Но это ещё не всё. В большой кафельной комнате, расположенной на втором этаже госпиталя, дядя Шура Парфёнов поставил чугунную, аккуратно сработанную ванну на львиных, плоско стёршихся бронзовых лапах с сеточками для мыла и потрескавшимся фарфоровым нутром. Когда в госпиталь поступал новый раненый, его мыли в этой ванне, вытирали насухо и оттуда уже на носилках доставляли в палату. В других госпиталях этого не было, Игорь Каретников знал точно, да и не только он. Солдатский телеграф работал исправно, вранья не пропускал, раненый люд — информированный, знает, где что творится; в других госпиталях новеньких протирали спиртом либо одеколоном и никаких тёплых ванн, никакого блаженства, когда забываешь про боль и кровь и млеешь от прикосновения рук сестричек, постанываешь. Одно только неудобство при приёме ванны — голым перед сестричкой неловко, стыдно, хотя эти сердобольные девушки на мужскую стыдобу внимания никакого не обращают, не до того им.

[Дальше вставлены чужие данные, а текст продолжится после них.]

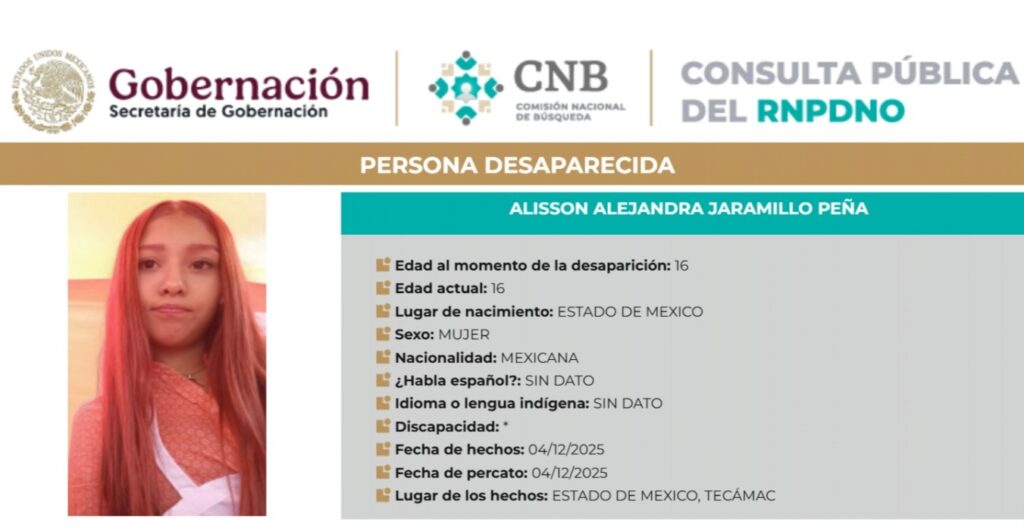 El Estado de México acapara el 17 por ciento de las desapariciones en México, de personas de entre 15 y 19 años, de acuerdo con estadística recopilada por el Registro Nacional de Personas Desaparecidas y No Localizadas (RNPDNO). Estas cifras corresponden a desaparecidos de 2023, 2024 y 2025, en periodos que contabilizan casos sucedidos entre enero y octubre de los años mencionados.

И в самом госпитале раненым мёрзнуть дядя Шура Парфёнов не давал: все щели замазаны, зашпаклеваны, дыр нет, углы комнат не обмётывает искристая морозная махра; если где-то рядом фриц положит снаряд — а снарядов они кладут порядочно, всё время, сволочи, садят и садят из дальнобойных, и в стене от содрогания и резких земных толчков появляется ломина, дядя Шура Парфёнов, ворча и ругаясь про себя, тут же заделывает её: замазывает раствором, который сам же и стряпает внизу, в котельной, затем ломину обрабатывает извёсткой. Хотя, не будь в госпитале запасов топлива, вряд и дяди Шурины старания помогли бы — от лишней заделанной дыры тепла не прибудет.

До войны в госпиталь, который тогда ещё был рядовой больницей Василеостровского района, завезли несколько машин угля и ссыпали горкой во дворе. На уголь тот дядя Шура Парфёнов сразу, как говорится, наложил лапу — никого к углю не подпускал, разделил его на пайки, как продавщица в булочной, находящейся в четырёх шагах от госпиталя, делит серый липкий хлеб, и рассовал по сусекам, будто бы что чувствовал дядя Шура Парфёнов, приберегая топливо. И, как теперь оказалось, был тысячу раз прав — ныне успешно поддерживал «температуру» в госпитале.